◆ **THE TASK**: Starting with the line that contains "Figure 2. Supersonic" and ending with the last line of the listing, print each line exactly. Pictures stay out.

◆ **MATERIAL PROVIDED**:
⟨
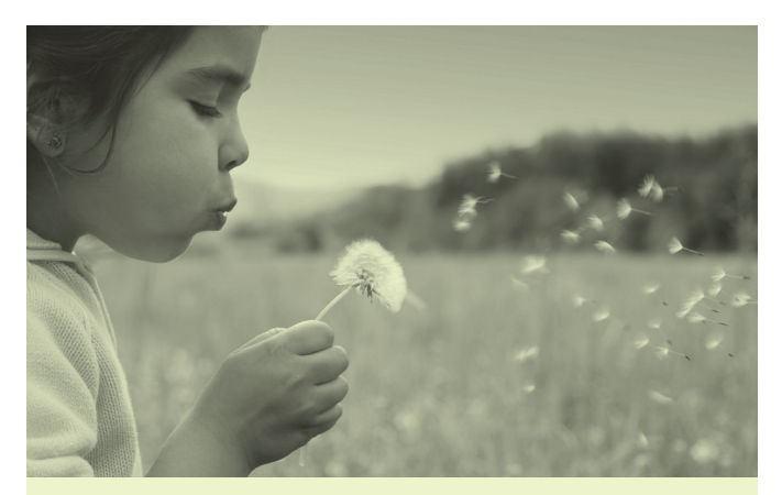
Children are naturally curious. The desire to question, hypothesize, explore and investigate is part of their very being.

Science learning provides children with the opportunity to explore, investigate and problem-solve. Through children's science explorations, they learn to record and document their observations of changes, identify patterns and discuss relationships to help build understanding. Science feeds the curiosity of children - and the scientific problem solving of investigative play supports and enhances children's learning, helping them to better understand their world. Using a curriculum aligned with the science standards adults can provide these experiences through intentional teaching. Children at all ages need to learn a variety of age appropriate strategies to safely explore their world.
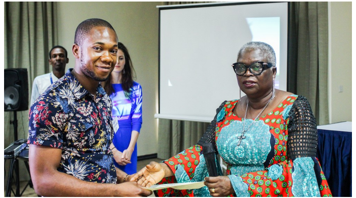
A returnee receives his business training diploma.
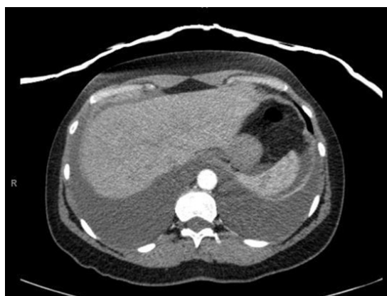
Figure 2: Angio-CT scan performed on the patient (bilateral pleural effusion and a small amount of perihepatic free fluid).

insertion was not needed. Blood analysis before discharge showed BHCG (Human Chorionic Gonadotropin) rising and normal levels of albumin, creatinine and ions. Ultrasound revealed an intrauterine gestational sac with an embryo of 2 mm without heartbeat. There was still no free abdominal fluid. She was discharged feeling well on the thirteenth day.
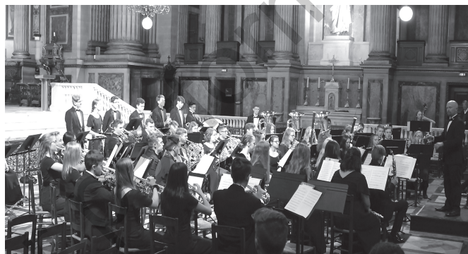
The Foothill High School Wind Symphony performing the world premiere of "Flight of Falcons" at L'Eglise De La Madeleine, Paris, France - June 4, 2019.

The two tambourines should be of different sizes, Tambourine 1 being the smaller of the two. The preferred hand drum is a doumbek, but a darbuka or small djembe drum can also be used. The drum should project robustly.
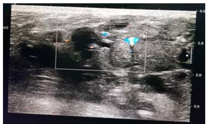
Figure 2. Supersonic ultrasonography images depict solid cystic, irregular and hypoechoic vascular mass (a) with duct extension and twinkling artifact due to calcification (b).
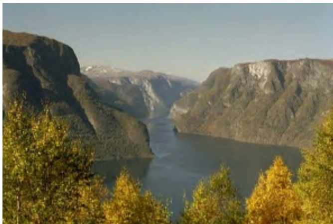
Scandinavia: future home for boat people?

Meanwhile, Sweden’s demographics are changing rapidly. Not only is immigration increasing, non-white immigrants have at least twice the birth rate of Swedes or of immigrants from the West. Somali immigrants have the highest birth rate, at more than three times the white rate. More than half of all So-
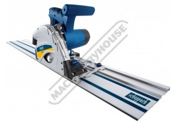
Saw in up right position show on guide rail
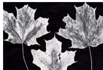
Figure 2. Yellowing of the foliage may precede wilting.
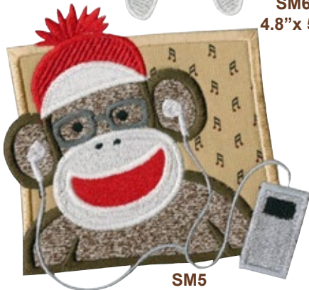
SM5 5"x 4.8"
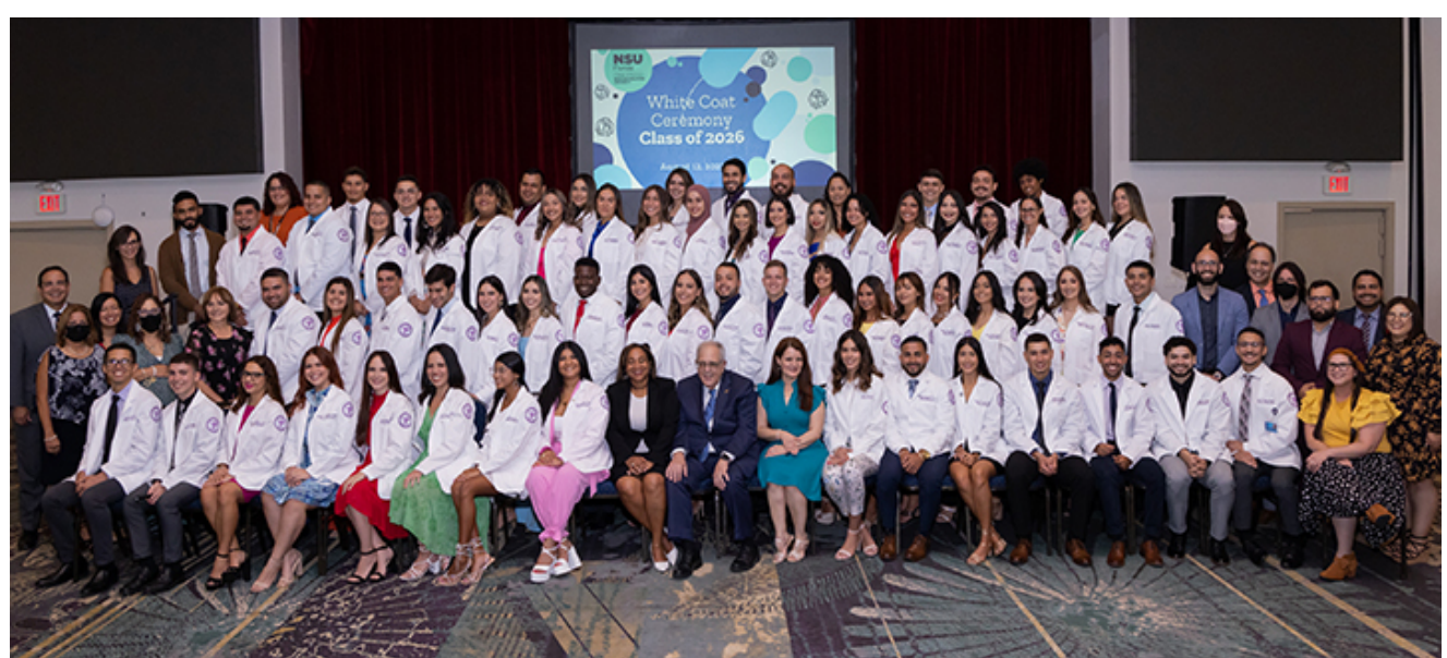
Puerto Rico Regional Campus White Coat Ceremony 2022

This was the first time in two years that the New Student Orientation program was conducted face-to-face and gave students an opportunity to mix and mingle with their classmates, faculty members, and administrators. Interactive sessions focused on the curriculum, assessment and exam policies, experiential education, team building, professional communication, and of course getting to know the current students and the many professional organizations!
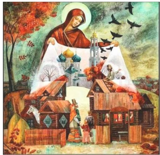
Our Lady of Ukraine(?)
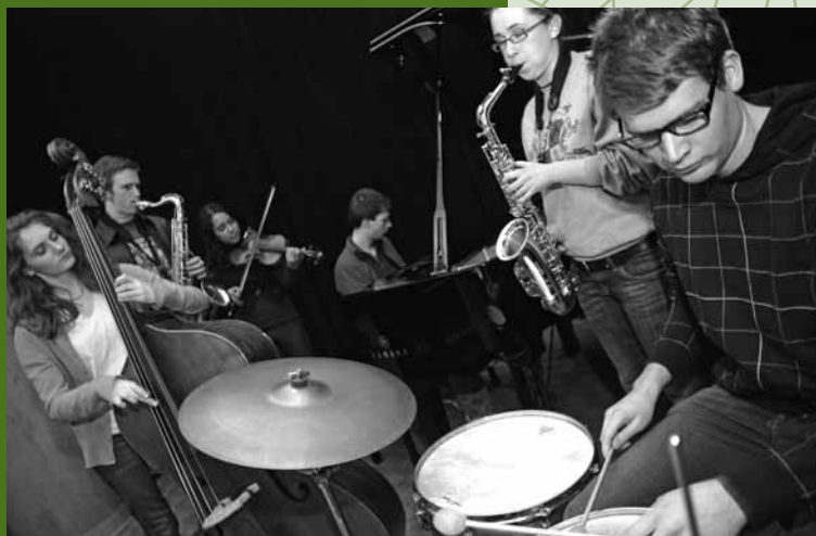
The Dakota Combo

*Tickets are $20 for adults, $15 for seniors and youth (ages 6–18)
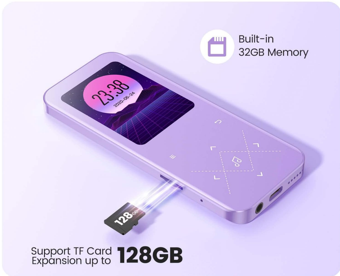
Image: A close-up of the AGPTEK A09X MP3 Player showing a 128GB TF card being inserted into its slot, highlighting the device's 32GB built-in memory and support for up to 128GB expansion.
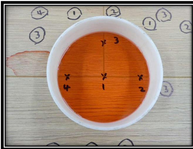
After 24 hrs With Water
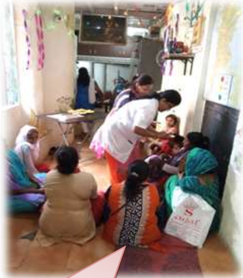
Haldi Cumcumprogramme with Street women. We create awareness among the women on drug addiction
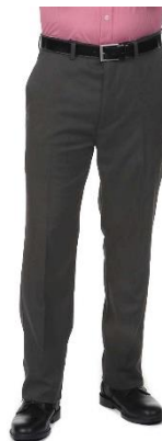
Male Pelham Pant
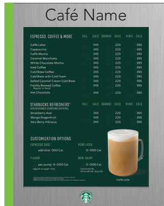
ML-VRT-MB-2D [STB] (VERTICAL) Size: 35 1/4" h x 28 1/4" w
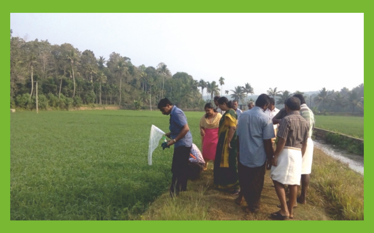
Farm School – Activities
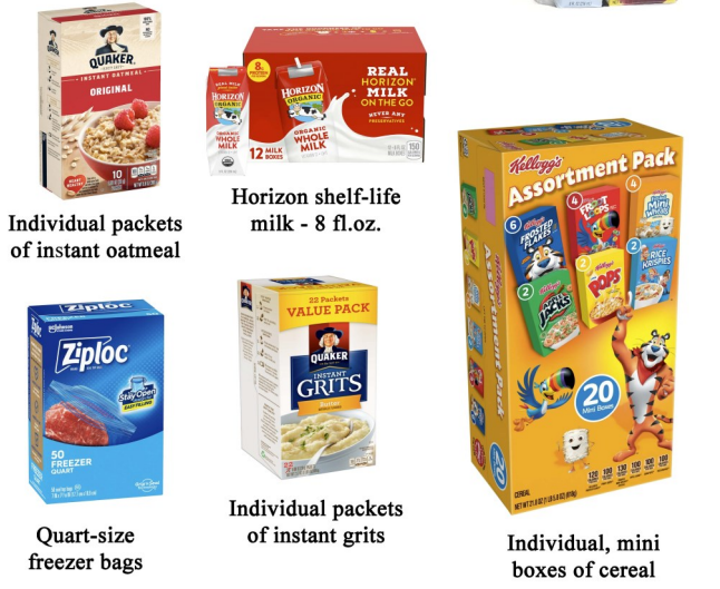
Individual packets of instant oatmeal
⟩
◆ **ANSWER TO THIS PROBLEM**:
Figure 2. Supersonic ultrasonography images depict solid cystic, irregular and hypoechoic vascular mass (a) with duct extension and twinkling artifact due to calcification (b).
Scandinavia: future home for boat people?

Meanwhile, Sweden’s demographics are changing rapidly. Not only is immigration increasing, non-white immigrants have at least twice the birth rate of Swedes or of immigrants from the West. Somali immigrants have the highest birth rate, at more than three times the white rate. More than half of all So-
Saw in up right position show on guide rail
Figure 2. Yellowing of the foliage may precede wilting.
SM5 5"x 4.8"
Puerto Rico Regional Campus White Coat Ceremony 2022

This was the first time in two years that the New Student Orientation program was conducted face-to-face and gave students an opportunity to mix and mingle with their classmates, faculty members, and administrators. Interactive sessions focused on the curriculum, assessment and exam policies, experiential education, team building, professional communication, and of course getting to know the current students and the many professional organizations!
Our Lady of Ukraine(?)
The Dakota Combo

*Tickets are $20 for adults, $15 for seniors and youth (ages 6–18)
Image: A close-up of the AGPTEK A09X MP3 Player showing a 128GB TF card being inserted into its slot, highlighting the device's 32GB built-in memory and support for up to 128GB expansion.
After 24 hrs With Water
Haldi Cumcumprogramme with Street women. We create awareness among the women on drug addiction
Male Pelham Pant
ML-VRT-MB-2D [STB] (VERTICAL) Size: 35 1/4" h x 28 1/4" w
Farm School – Activities
Individual packets of instant oatmeal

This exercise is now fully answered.